During the Cold War, Borden's importance as an RCAF facility in Ontario declined in favour of CFB Trenton, CFB Uplands and CFB North Bay. However, its use as an army facility stayed consistent until 1970 when a major reorganization of the combat arms' schools resulted in the transfer of the Infantry School and Armoured School to CFB Gagetown in New Brunswick. On the other hand, numerous "purple" (i.e. tri-service) schools were established or expanded from existing service training establishments, including the Canadian Forces School of Administration and Logistics, the School of Aerospace Ordnance Engineering and the Canadian Forces Health Service Training Centre. The February 1, 1968 unification of the RCAF with the Royal Canadian Navy and the Canadian Army resulted in the creation of the Canadian Forces. The military facilities consisting of Camp Borden and RCAF Station Borden were grouped under a new name, Canadian Forces Base Borden (CFB Borden). The aerodrome was closed in 1970 and the base saw use as a regular and reserve training facility for Canadian Forces Land Force Command (the army), as well as hosting various land-based training courses for Canadian Forces Air Command (the air force). 

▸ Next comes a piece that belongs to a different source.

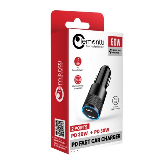 Incarcatorul Lemontti Auto Fast Charge Type-C PD, 60W, ofera suficienta energie pentru a incarca rapid doua dispozitive mobile simultan datorita celor doua porturi disponibile. Aspectul clasic se potriveste perfect cu orice tip de masina fara sa afecteze design-ul acesteia, iar calitatea manoperei indica faptul ca este un dispozitiv solid si durabil.

In a 1990s reorganization of the Canadian Forces following the end of the Cold War, CFB Borden's air force training facilities were grouped under the name 16 Wing Borden. The eight surviving Royal Flying Corps hangars at the base have been designated a National Historic Site of Canada.

Plaque
The Ontario Heritage Foundation, Ministry of Culture and Recreation erected a plaque in 1976.

Activities and facilities
Although originally an air force training base, CFB Borden is now a training base for several elements of the Canadian Forces:
 2 Canadian Air Division's (2 Cdn Air Div) primary lodger unit, 16 Wing, commonly referred to as 16 Wing Borden, consists of 16 Wing Headquarters and three schools: the Canadian Forces School of Aerospace Technology and Engineering (CFSATE), the Royal Canadian Air Force Academy (RCAF Academy), and the Canadian Forces School of Aerospace Control (CFSACO), located in Cornwall, Ontario.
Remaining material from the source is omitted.